What to produce: All of the listing must be given again exactly, except that the images are dropped.

■ ■ ■ ■

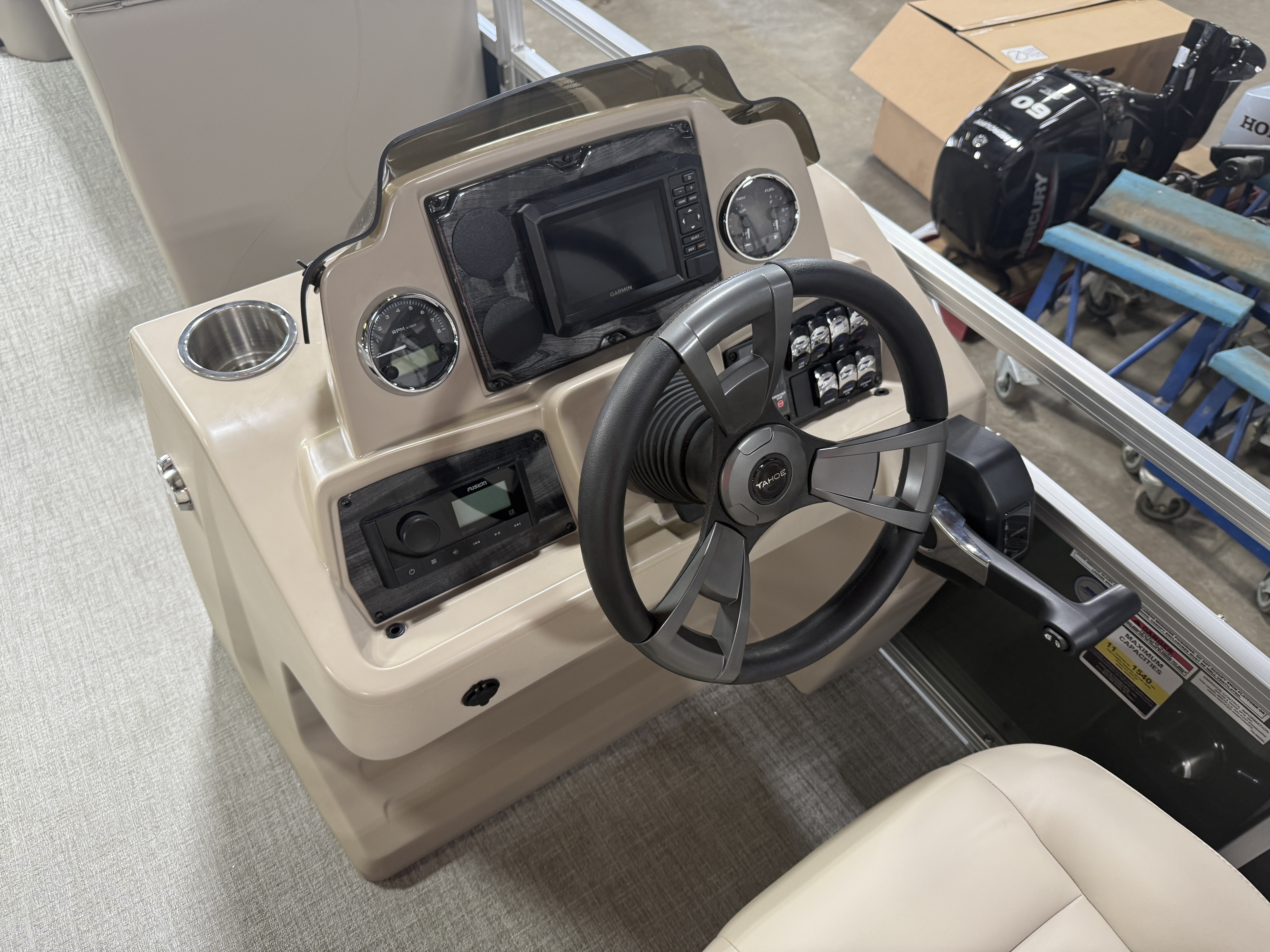 Reclining Commander's Helm Seat, Garmin 52CV GPS Depth Finder, LED Smoked Chrome
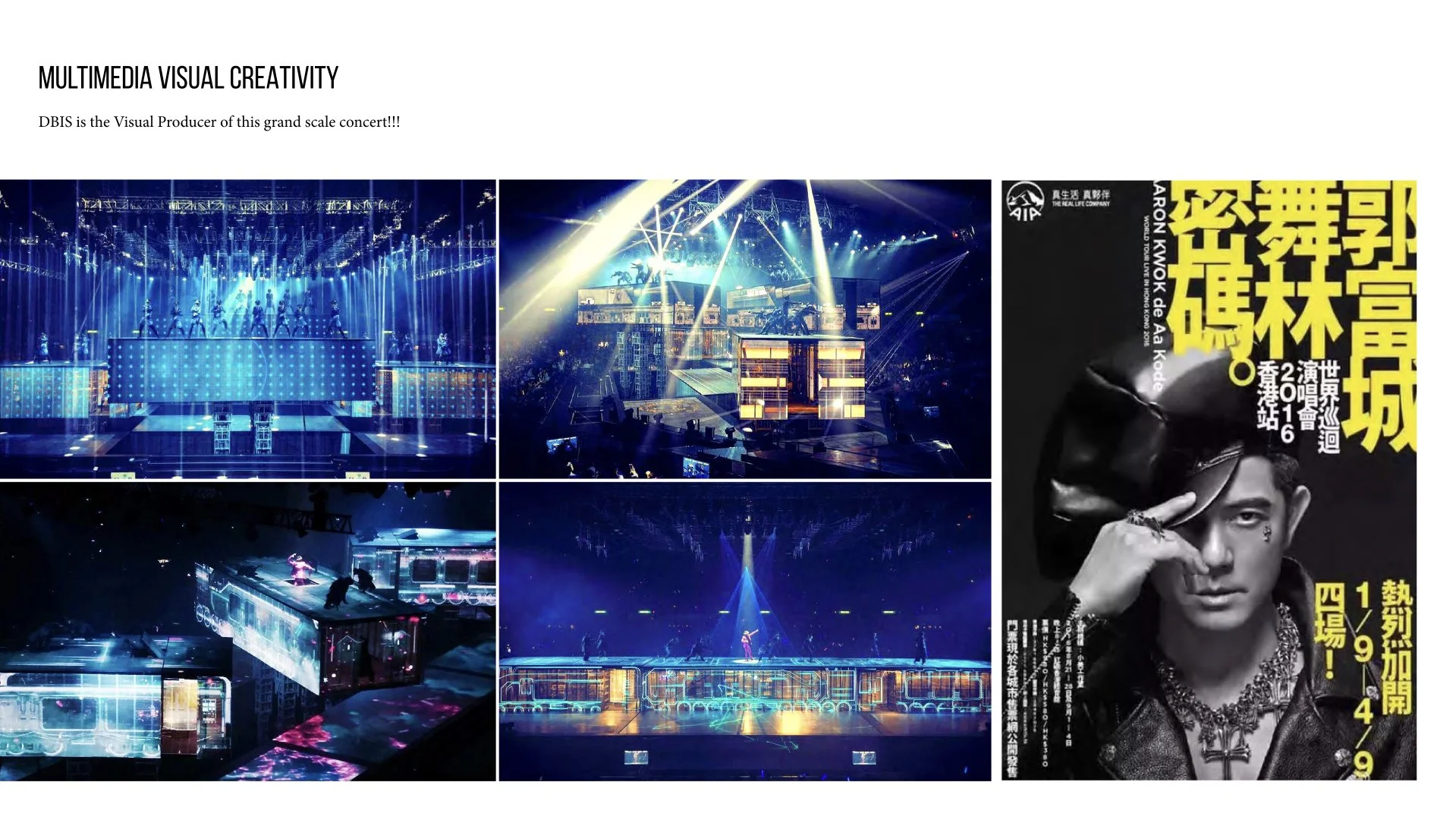 My expertise spans a broad spectrum of multimedia design for concerts and theatrical projects, where I've had the privilege of collaborating with some of the most prestigious names in the entertainment industry. This rich experience has enabled me to orchestrate unforgettable moments that resonate deeply with audiences. Throughout my career, I have been actively engaged in over 200 multimedia theatrical projects, collaborating with renowned entities such as the Edward Lam Dance Theatre, Stan Lai, and participating in Dadawa's "Hear the World" Concert and Yang Li Ping's "Peacock" performance. Since 2000, I have contributed to more than 200 multimedia designs for pop concerts, working with a who's who of the industry, including Aaron Kwok, Andy Lau, Jacky Cheung, Sandy Lam, Eason Chan, Leon Lai, Faye Wong, Sammi Cheng, Leo Ku, Coco Lee, Joey Yung, & Josie and the Uni Boys…etc.
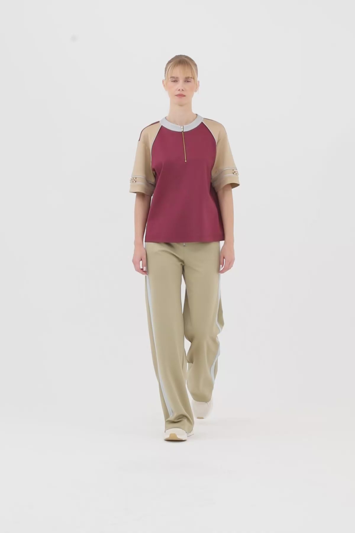 Yakası Fermuarlı Kolları Aksesuarlı T-Shirt
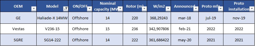 It was the first turbine of the trio to be announced in March-2018 and already has a operating prototype in the port of Rotterdam since the end of 2019. This model is a clear example of the uprating strategy that manufacturers apply to their models as they gain operational experience: it was launched with 12 MW but in Oct-20 it was already uprated to 13 MW and just 2 months later, a 14MW version was announced. There is no doubt that the fierce competition between the 3 models is accelerating this process.
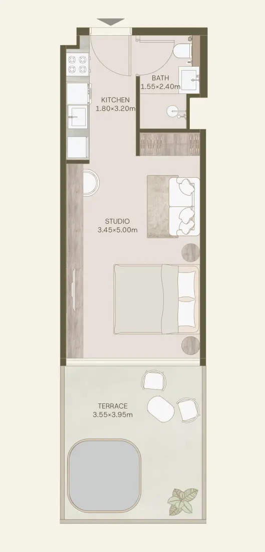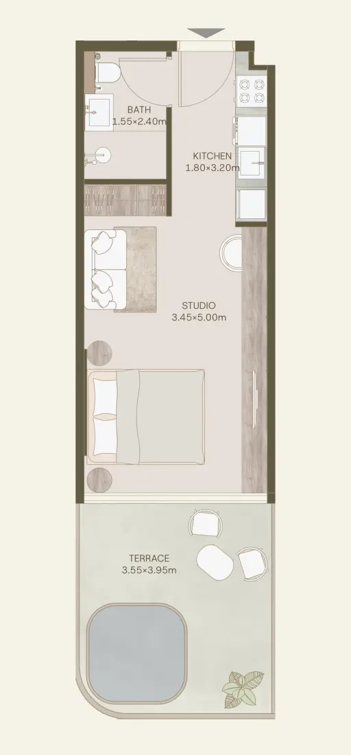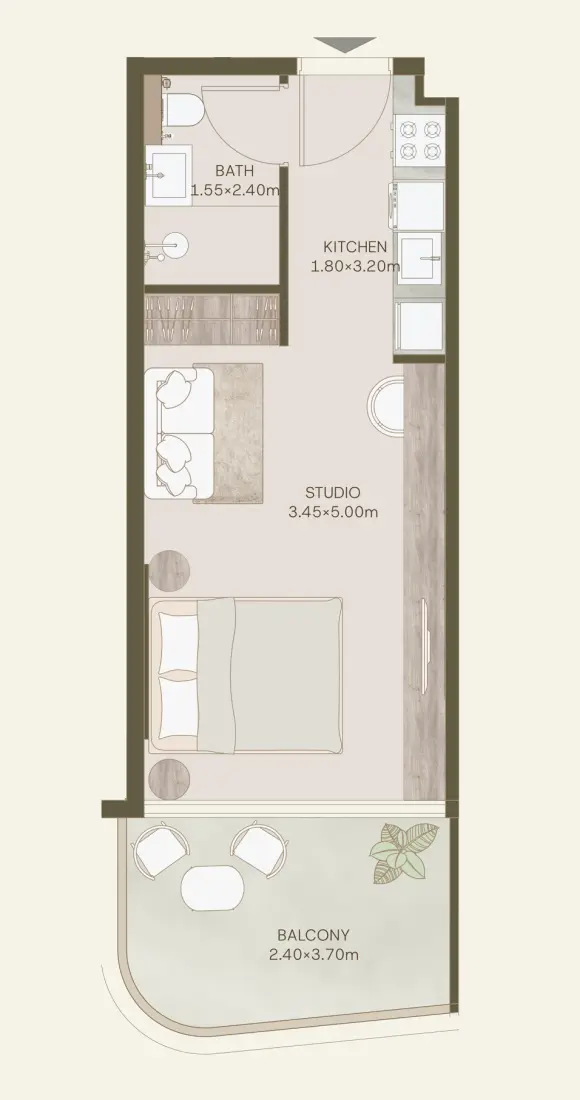 Nuvé offers a curated collection of fully furnished studios, one-bedroom, and two-bedroom residences designed for comfort, functionality, and elegance. Each home features refined interiors, open layouts, and high-quality finishes that reflect the project’s architectural harmony. Nuvé’s interiors embody the harmony of modern Italian design and timeless sophistication. Each space has been thoughtfully composed to balance elegance with ease, blending soft neutral palettes, brushed gold accents, and tactile natural finishes. Light enhances every surface, from warm wood tones to smooth stone textures, creating a home that feels refined, inviting, and effortlessly serene.
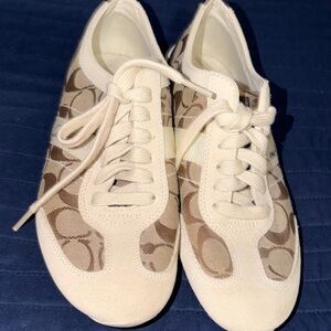Coach Tan and Cream Patterned Sneakers
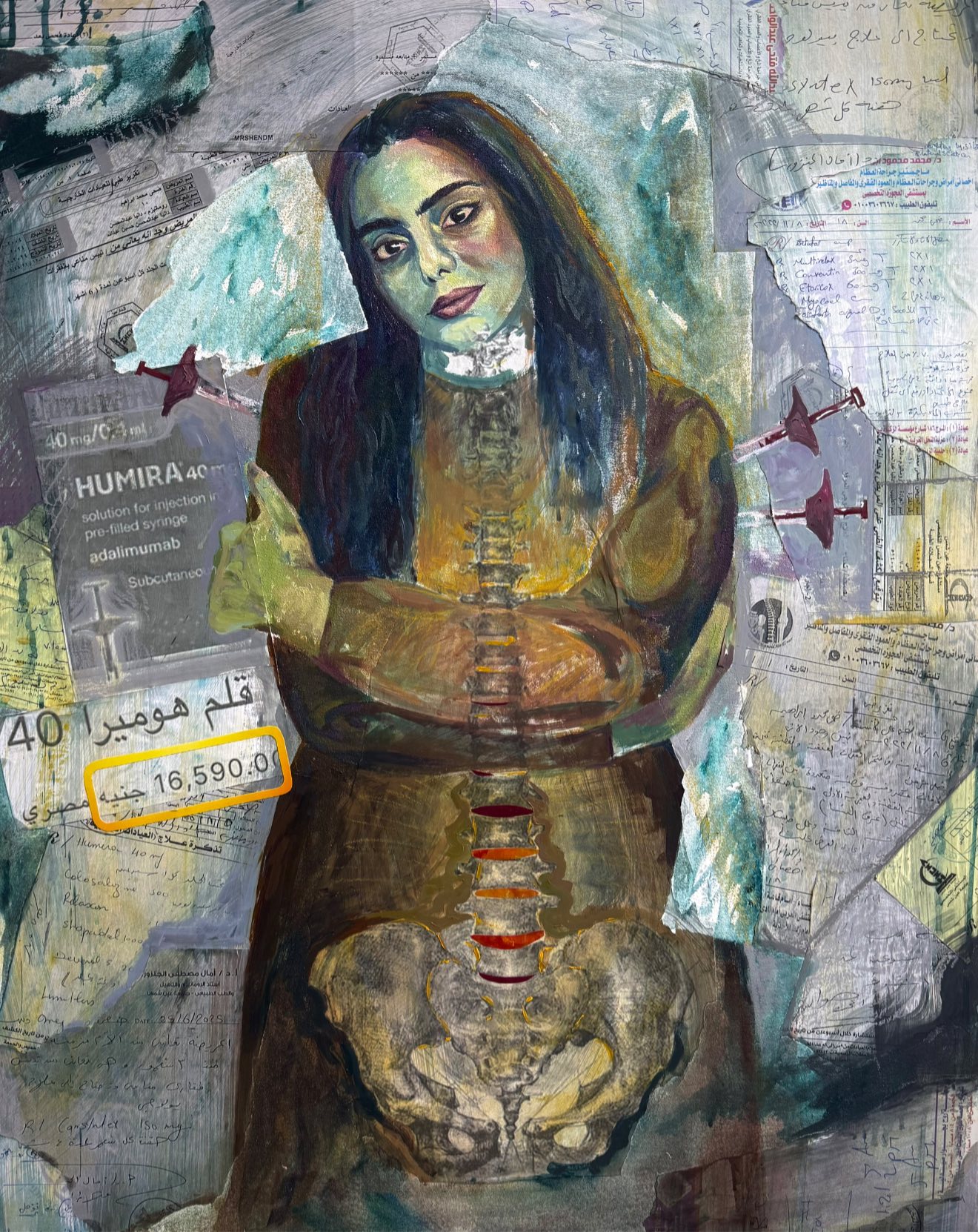 فكرت ضحى محمد، صاحبة الـ 21 عاما التي تهتم بالفن المعاصر والتجريب، في تحويل معاناتها مع مرض التيبس الفقاري المزمن (Ankylosing Spondylitis)، الذي تم تشخيصها به منذ أربع سنوات، إلى لوحة فنية بتكليف جامعي، حيث شعرت بأنها أمام متنفس لما عانته سنين طوال.

■ ■ ■ ■

Task solution:
 Reclining Commander's Helm Seat, Garmin 52CV GPS Depth Finder, LED Smoked Chrome
 My expertise spans a broad spectrum of multimedia design for concerts and theatrical projects, where I've had the privilege of collaborating with some of the most prestigious names in the entertainment industry. This rich experience has enabled me to orchestrate unforgettable moments that resonate deeply with audiences. Throughout my career, I have been actively engaged in over 200 multimedia theatrical projects, collaborating with renowned entities such as the Edward Lam Dance Theatre, Stan Lai, and participating in Dadawa's "Hear the World" Concert and Yang Li Ping's "Peacock" performance. Since 2000, I have contributed to more than 200 multimedia designs for pop concerts, working with a who's who of the industry, including Aaron Kwok, Andy Lau, Jacky Cheung, Sandy Lam, Eason Chan, Leon Lai, Faye Wong, Sammi Cheng, Leo Ku, Coco Lee, Joey Yung, & Josie and the Uni Boys…etc.
 Yakası Fermuarlı Kolları Aksesuarlı T-Shirt
 It was the first turbine of the trio to be announced in March-2018 and already has a operating prototype in the port of Rotterdam since the end of 2019. This model is a clear example of the uprating strategy that manufacturers apply to their models as they gain operational experience: it was launched with 12 MW but in Oct-20 it was already uprated to 13 MW and just 2 months later, a 14MW version was announced. There is no doubt that the fierce competition between the 3 models is accelerating this process.
 Nuvé offers a curated collection of fully furnished studios, one-bedroom, and two-bedroom residences designed for comfort, functionality, and elegance. Each home features refined interiors, open layouts, and high-quality finishes that reflect the project’s architectural harmony. Nuvé’s interiors embody the harmony of modern Italian design and timeless sophistication. Each space has been thoughtfully composed to balance elegance with ease, blending soft neutral palettes, brushed gold accents, and tactile natural finishes. Light enhances every surface, from warm wood tones to smooth stone textures, creating a home that feels refined, inviting, and effortlessly serene.
Coach Tan and Cream Patterned Sneakers
 فكرت ضحى محمد، صاحبة الـ 21 عاما التي تهتم بالفن المعاصر والتجريب، في تحويل معاناتها مع مرض التيبس الفقاري المزمن (Ankylosing Spondylitis)، الذي تم تشخيصها به منذ أربع سنوات، إلى لوحة فنية بتكليف جامعي، حيث شعرت بأنها أمام متنفس لما عانته سنين طوال.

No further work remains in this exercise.